Tutta la vocazione di Hölderlin si incentrò perciò sull’ispirazione lirica: se si scorre un libro che ne raccolga a sufficienza (consigliata l’antologia Poesie scelte. Testo tedesco a fronte; Feltrinelli, 2010; pp.300 € 10), si vedrà che i titoli stessi dei componimenti conducono il lettore in lande affascinanti, parlano di tempi, sensazioni e nostalgie che entusiasmerebbero qualunque cuore umano che non si sia inaridito. Da “Il cerchio della vita” a “Paese natale (Heimat)”, da “Fantasia della sera” a “Ritorno a casa”, da “Pane e vino” a “Stoccarda”, da “L’arcipelago” a “Il Reno”: sembra che la musa Mnemosyne abbia abbondato nei doni, così che la civiltà europea avesse finalmente il suo cantore assoluto. I contemporanei però non compresero la grandezza di Hölderlin: bisognò aspettare la metà del Novecento, quando il filosofo dell’esistenzialismo Heidegger si chinò sui versi del poeta svevo come se fossero dei geroglifici del destino dell’Occidente; da allora, la fortuna postuma di Hölderlin non conosce pause.
L’armonia assoluta
Infatti, fiorisce da queste pagine scritte più di duecento anni fa la fragranza di una quieta gioia, di contemplazioni solenni della realtà naturale, di alte meditazioni sul destino, di turbamenti e sconforti. Basti pensare che lo stile hoelderliniano non è classificabile nella categoria del Classico né in quella del Romantico; siamo al cospetto di un monumento unico. Tuttavia, la vita del poeta si concluse tristemente: superati da poco i 35 anni, si manifestarono nel suo animo segni di squilibrio e di follia, tanto che l’autore fu affidato alle cure di un falegname (non esistendo ospedali psichiatrici) di Stoccarda, nella torre della cui casa Hölderlin trascorse i trentasette anni “finali” della propria esistenza. Lasciando un romanzo (“Iperione o l’eremita in Grecia”) e un’opera omnia incompleta. Annotando di tanto in tanto poesie sulle stagioni, che rilucono si una strana inquietante dolcezza poiché aspirano a “raggiungere il Padre Etere”.

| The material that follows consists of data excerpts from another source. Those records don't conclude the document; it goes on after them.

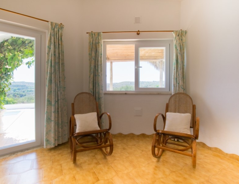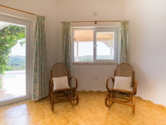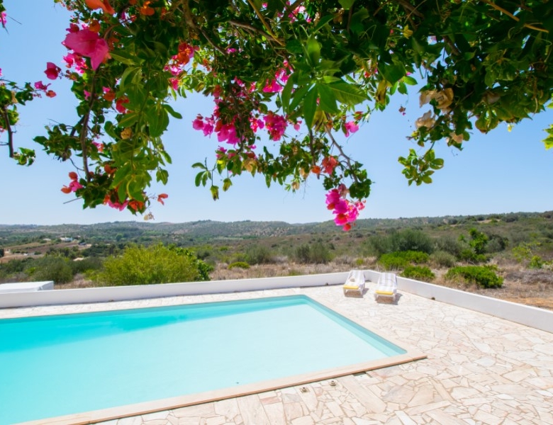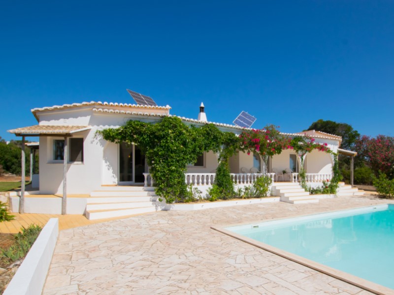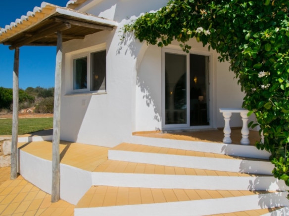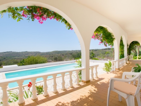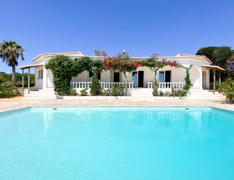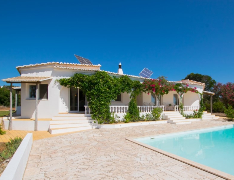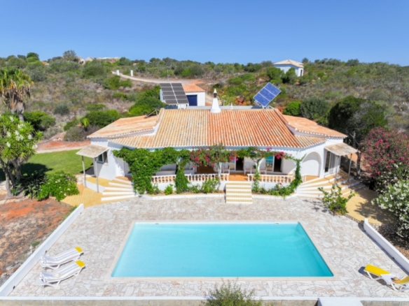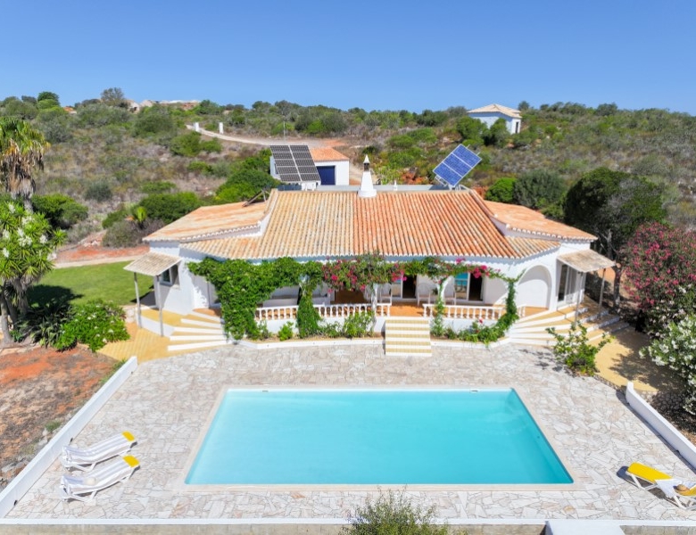 Experience the beauty of the Western Algarve with this stunning 5-bedroom villa with a pool nestled in 42,000 sqm of private land offering panoramic views and proximity to white sandy beaches. Upon entering the villa we are welcomed by a bright rustic kitchen with locally sourced peach marble worktops. The kitchen flows beautifully into a large open lounge area, where you are met with the most breathtaking countryside views out onto a curved balcony, spanning the length of the property and perfect for alfresco dining. The light and spacious lounge area embraces a central wood-burning fire, highlighting the magnificent high ceilings adorned with decorative chestnut wood beams. The south wing is accessed via two hallways leading off the lounge and kitchen and offers 3 large bedrooms; the first is a good-sized room with beautiful views over-looking the pool and beyond, the second offers a lawn and countryside view through French windows leading to the outdoors and the third, ‘the master bedroom’ a bright and sunny room with direct access to the balcony and a stunning vista across the valleys. A large shared bathroom caters to the south wing, also finished with locally sourced peach marble. Adjacent to this, there is a convenient separate guest WC. The North wing is accessed via a short hall leading off the lounge area providing two further bedrooms, also spacious with high ceilings and both with access to the outdoors. A shared bathroom is located between the two bedrooms. Outdoor steps lead to the property rooftop, where the most amazing 360-degree star gazing can be enjoyed, as well as spectacular views towards to Praia da Luz, reaching as far as the Monchique mountains. From the swimming pool, one is captivated by the magnificent far-reaching views and at the same time enjoys absolute privacy. With plenty of space to relax, exercise, or remote work whilst being surrounded by nature in a tranquil setting, this location sums up idyllic outdoor living. The villa features sustainable amenities like a private water supply and solar/wind energy. Features Outside Garden Interior features Other: Fitted wardrobes Energy & utilities Energy consumption rating: D Emissions rating: D Property ID: golden2201 Price: €1,950,000 Property Size: 250 m2 Bedrooms: 5 Bathrooms: 3 Property Type: Villa Property Status: For Sale
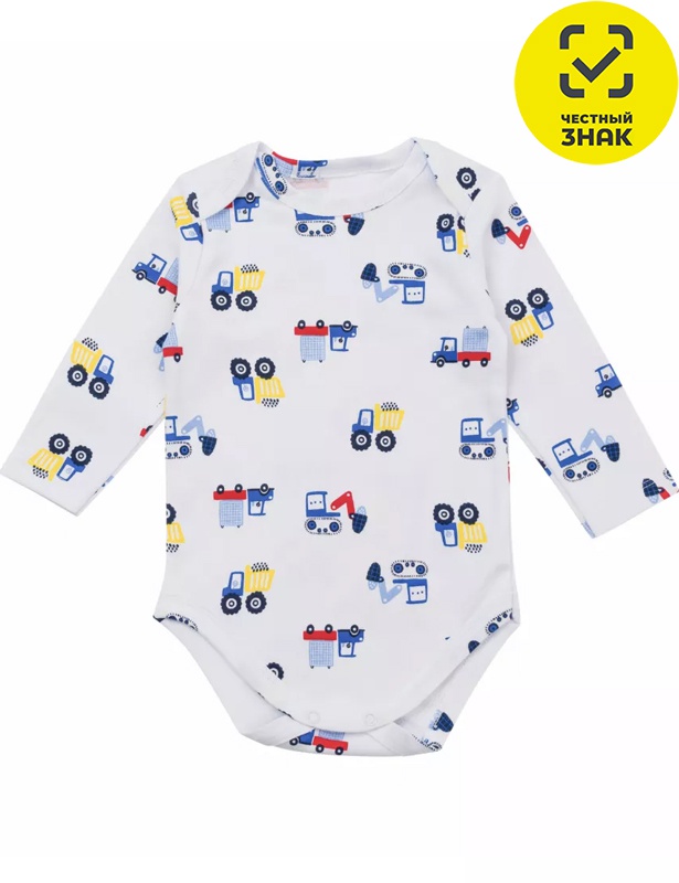 Боди ясельный для мальчика из интерлока, с длинными рукавами и застёжкой на кнопки.
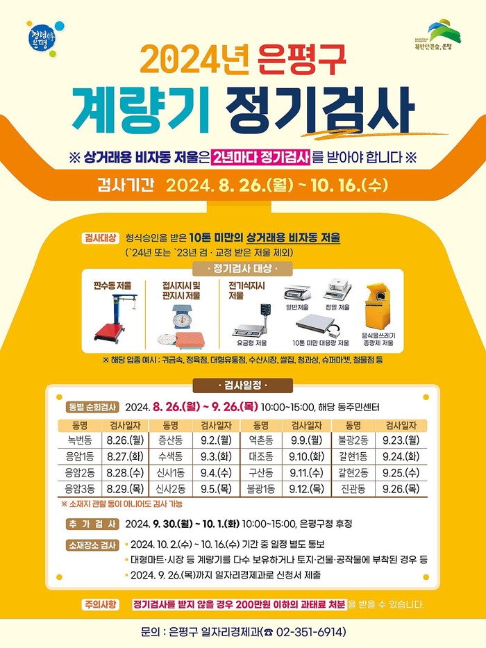 [시민일보 = 이대우 기자] 은평구(구청장 김미경)가 오는 26일~10월16일 지역내 상점들을 대상으로 ‘2024년 계량기 정기검사’를 실시한다.
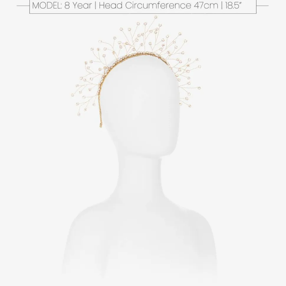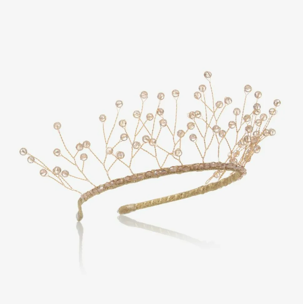 A beautiful gold filigree tiara for girls by Sienna likes to party. Decorated with sparkly crystal beads, this handmade 'Micheangela' hair accessory has a gold foil-wrapped metal band topped with delicate twisted wires.
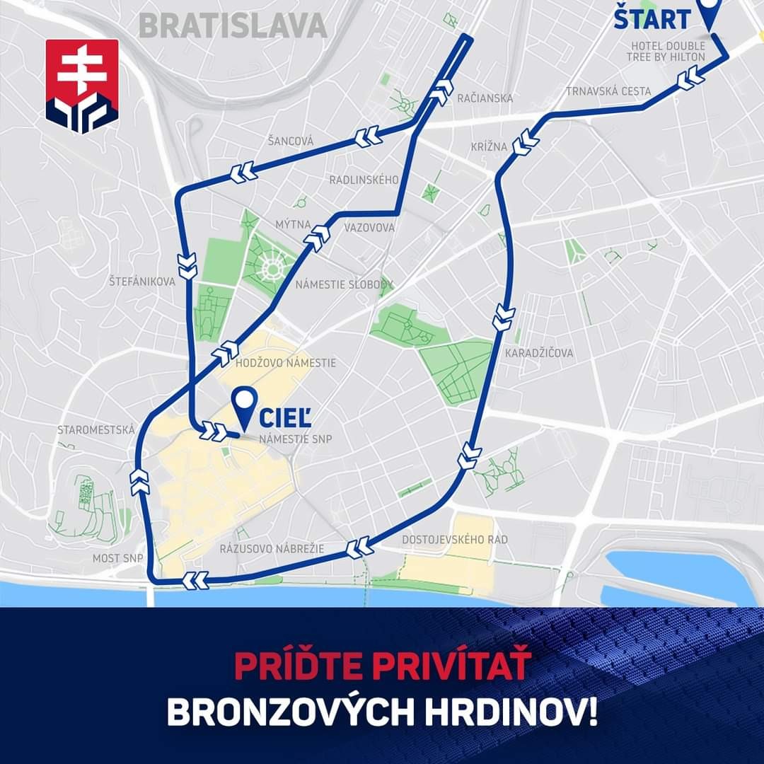 "Jazda autobusu by mala trvať trištvrte hodiny až hodinu. Počas nej budú môcť fanúšikovia na uliciach pozdraviť našich bronzových hrdinov. O zábavu na palube sa postará moderátor Marcel Forgáč. Očakávame, že hokejisti vystúpia na Námestí SNP približne o 16.30 h. Dovtedy bude čakajúci dav zabávať ďalší moderátor Tomaggio aj s pomocou hudobného doprovodu. Následne sa obaja moderátori spoja na pódiu, aby aj s pomocou hokejových reprezentantov vytvorili hodinovú šou pre fanúšikov," informuje SZĽH.
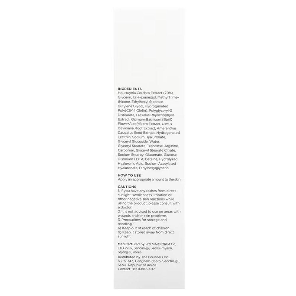Acqua, Glicerina,1,2-Esandiolo, Butilene Glicole, Estratto di Houttuynia Cordata, Gliceril Stearato, Arginina, Carbomero, Etilesilglicerina, Stearoil Glutammato di Sodio, Glucosio, Estratto di radice di Ulmus Davidiana, Estratto di semi di Amaranthus Caudatus, Lecitina idrogenata, Tocoferolo, Acido ialuronico idrolizzato, Sodio ialuronato acetilato, Etilexil stearato, Trealosio, Estratto di Laminaria Japonica, Estratto di foglie di Eclipta Prostrata, Sodio ialuronato cutaneo, Beta-Glucano, Betaina, Ficus Carica (Fico) Estratto di frutta, Gliceril Glucoside, Gliceril Stearato Citrato, Poligliceril-3 Distearato, Squalano, Frutto-oligosaccaridi, Poli idrogenato (C6-14 Olefina), Butyrospermum Parkii (Burro di Karitè), Estratto di Centella Asiatica, Metilpropanediolo, Estratto di Fraxinus Rhynchophylla, Ceramide Np, Cetearyl Glucoside, Estratto di fiori/foglie/steli di Ocimum Basilicum, EDTA disodico, Ialuronato di sodio, Trimeticone metilico, Trigliceride caprilico/caprico, Alcool cetearilico, Glicole dipropilenico.
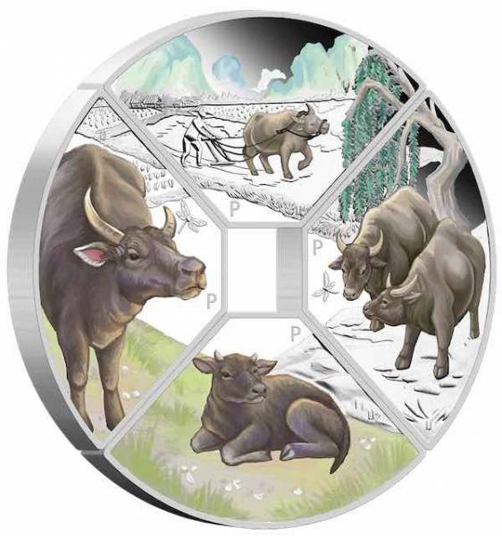 Jahr des Ochsen 2021 Quadrant Set 4 x 1 Oz Silber Proof coloriert + Box + Zertifiakt

Che cosa era accaduto? Che era stato condotto, quasi per mano, dalla propria filosofia verso la follia, perché aveva gettato lo sguardo nell’abisso della realtà senza riuscire a legare il proprio cuore a ciò che è più grande persino della realtà. In questo suo poetare sull’orlo dell’infinito, sempre sul punto di cadere nel baratro, Hölderlin fu paragonabile soltanto a Leopardi e a Wordswoth o al musicista Beethoven o al filosofo Hegel (questi ultimi, guarda caso suoi connazionali ed esattamente suoi coetanei!); con simili artisti titanici quali capofila, il pensiero europeo si spinse oltre il punto di non ritorno della condizione umana sulla terra: a partire dalle conquiste filosofiche di Socrate e Platone, vennero esplorati i territori dell’immensità disancorandosi da qualunque speranza, slacciandosi dalle radici della fiducia e della carità.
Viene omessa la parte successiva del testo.